Visible crew/equipment: The very last scene, something swings in and out of the frame, on the right, just as Quartermass is rounding the corner.
Suggested correction: After viewing the scene frame by frame, it is clear that something grey and textured enters the edge of the shot from behind the wall for a few frames, but it is not identifiable. Given the turbulence of the disaster setting it could as easily be identified as a flapping wall poster or a piece of torn curtain as set crew or equipment.

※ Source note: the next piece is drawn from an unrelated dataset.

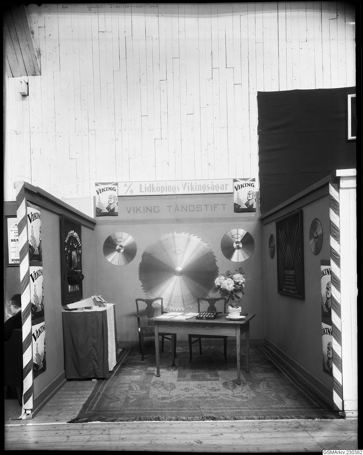 Monter på Svenska Mässan, utställare AB Lidköpings Vikingsågar. Företaget tillverkade också tändstift.

I have studied the image frame by frame and you can see it is a right hand of someone, possibly a crew member not getting out of shot quick enough. The strange thing is that the hand is dark and hairy almost werewolf like. Obviously not a werewolf but maybe someone in makeup from another Hammer movie was visiting the set.
Other mistake: During the press conference, Dr Roney (James Donald) says they have only found parts of skulls and fragments of bone. However a nearly intact skeleton was uncovered by a workman in an earlier scene.
Factual error: Barbara takes an ancient document out of a filing cabinet. One of the words in its title is HIFTORIE, for "history." The old-fashioned way of writing the letter "s" was the so-called long s (ſ), not the letter "f", and this was only ever used as a lowercase letter. So the word would have been written as HISTORIE.
Character mistake: Colonel Breen theorises to Quatermass that the spaceship is an experimental German V-weapon from the second world war: However according to the story, the underground station (Hobbs End) was dug in 1927: The V-weapons first landed in London in 1944, so how was it possible for a V-weapon to land where it did underground, impacted soild in clay right next to a deep level underground railway station seventeen years later without anyone noticing at the time? Breen should realise that his theory makes no sense.
Visible crew/equipment: A gloved arm pulls out of the shot as Quatermass comes around the corner of Hobbs End to find a thoughtful Barbara. It is the very last scene of the film before the titles.